Babak 8 Besar, Arema bertemu dengan Bhayangkara FC menang telak dengan skor meyakinan 0-4 meskipun main dikadang lawan. Tim yang lahir dari dualisme Persebaya dibuat kocar kacir dan tak bisa mengembangkan permainan.

Di Semifinal Arema mampu menghempaskan tim asal Kalimatan Tengah dengan kekuatan pemain Liga 1. Besutan Gomes Olivera dibuat tak berkutik dengan kekalah skor telak 3 kosong didua kali pertandingan dengan sistem Home-Away.

Mengulang 2017

Kembalinya permainan Arema diasuhan Milomir Seslija bermain spartan dengan tenaga tanpa lelah seperti Singo Edan senyata-nyatanya. Apalagi, dukungan dari Aremania mulai mengalir dan Stadion Kajuruhan selalu dipadati.Arema tunjukan sebagai tim besar dan kuat dipentas sepak bola Nasional.


Arema di dua tahun terakhir mengalami persoalan dan selalu ada di papan tengah Klasemen Gojek Liga 1 ditahun 2017 peringkat 9 dan ditahun 2018 diperingkat 6.

Milo sang allenatore sebenarnya tidak asing dengan Arema, karena ditahun 2012 pernah menukangi tim berhome base di Kajuruhan itu. Dia sangat piawai dalam meracik pemain dan mendatangkan pemain potensi dibutuhkan oleh tim.

Apakah Milo bisa sesukses Aji Santoso ditahun 2017. Saya rasa sangat mungkin dengan permainan cepat dan menusuk ke jantung pertahanan lawan dari kedua sayap dan lini tengahnya. Mengandalan pemain cepat dan lincah.

Dilini belakang Arema memiliki 4 quartet tak tergantikan yakni, John Alfarizi, Hamka Hamzah, Artur Cunha dan Alfin Tuasalamony. Ada Gelandang, Makan Konate, Hendro,Hanif Sjhabandi. Lini Depan ada Dendik didampingi Ricky Kayame dan Dendy Santoso.

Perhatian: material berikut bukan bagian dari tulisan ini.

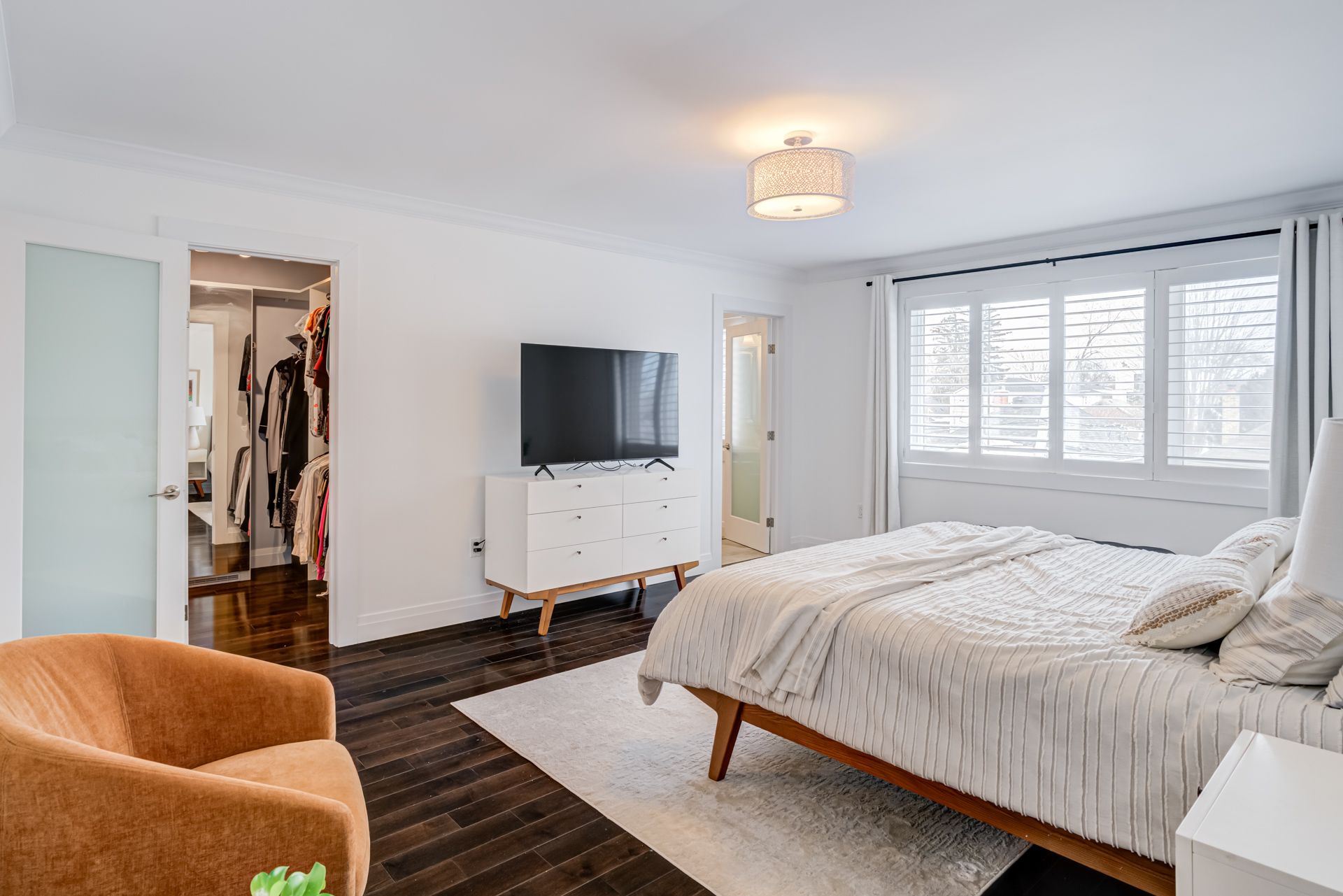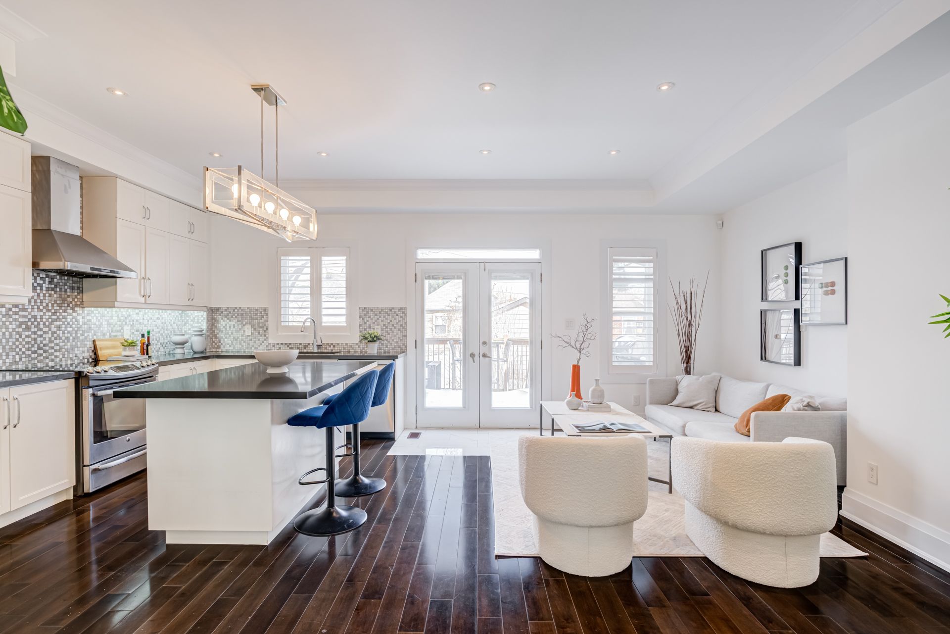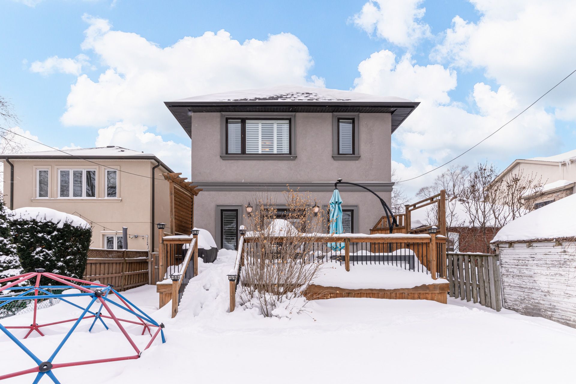 Welcome to this stunning 3+1 bedroom, detached custom-built home in the heart of prime East York. Featuring hardwood floors and pot lights throughout the main and second levels, this home offers both style and functionality. The welcoming foyer boasts tiled floors and a double-door coat closet, along with a convenient 2-piece powder room. The open-concept living and dining areas are filled with natural light from a large picture window overlooking the street. The living room features a cozy fireplace and built-in entertainment center, while the dining area flows seamlessly into the open-concept kitchen and family room. The kitchen is equipped with stainless steel appliances and a large centre island, perfect for everyday living and entertaining. The family room walks out to an oversized deck overlooking a spacious backyard. The second floor offers an oversized primary bedroom complete with a walk-in closet and luxurious 5-piece ensuite. Two additional generously sized bedrooms with large windows and closets share a 4-piece bathroom. The finished lower level features laminate flooring and pot lights throughout, with a large recreation room ideal for entertaining or a children's play area, along with space for a gym and home office. This level also includes a 3-piece bathroom and an additional bedroom with a large window. Enjoy the perks of this family friendly neighbourhood with vibrant shops, restaurants and TTC.

Kunci permainan di Arema adalah bermain cepat dalam menyerang dan bertahan dengan kuat. Apalagi, Alfin dan Alfarizi sering membantu serangan. Makan Konate sebagai jenderal lapangan tengah untuk menyerang ditopang oleh Hanif dan Hendro. Hendro mampu menjaga kedalaman.

Hanif memapu menjadi penopang dari Makan Kontae. Sedangkan Rikcy Kayame dan Dendy Santoso sebagai pengobrak abrik lini pertahanan. Tak lupa dua jangkar kuat dalam bertahan Artur dan Hamka menjadi peyangga saat lawan menyerang.

Arema mampu menjadi tim paling aktif menyerang dibanding bermain pasif bertahan. Dikursi pemain cadangan ada supper sub luar biasa, seperti Hardianto, duao pemain asing Pavel dan Robert Lima menjadi pembeda.

Permainan cepat Arema dan keras dulu sangat dikenal. Namun, saat ini lahir kembali dengan bermain cepat dan atraktif melalui skiil individu dalam permainan 4-3-3 bisa berubah menjadi 4-1-3-2  dan 4-3-2-1. Singo Edan makin bertaring dan terasah, siap menerkam lawanya di Final.

Kita tunggu laga Semifinal lainya antara Madura United Vs Persebaya. Siapa lawan Arema, yang jelas Singo Edan tak takut harus berhadapan dengan tim manapun. Jika nanti bertemu melawan Persebaya, dipastikan bakalan rame penuh gengsi. Apalagi, dua pendukung tim tersebut dikenal fanatik dan sering terlibat friksi baik didunia nyata dan maya. Semoga Piala Presiden menjadi bangkitnya sepak bola negeri dan bersatunya para supporter negeri ini. Salam sepak bola Indonesia.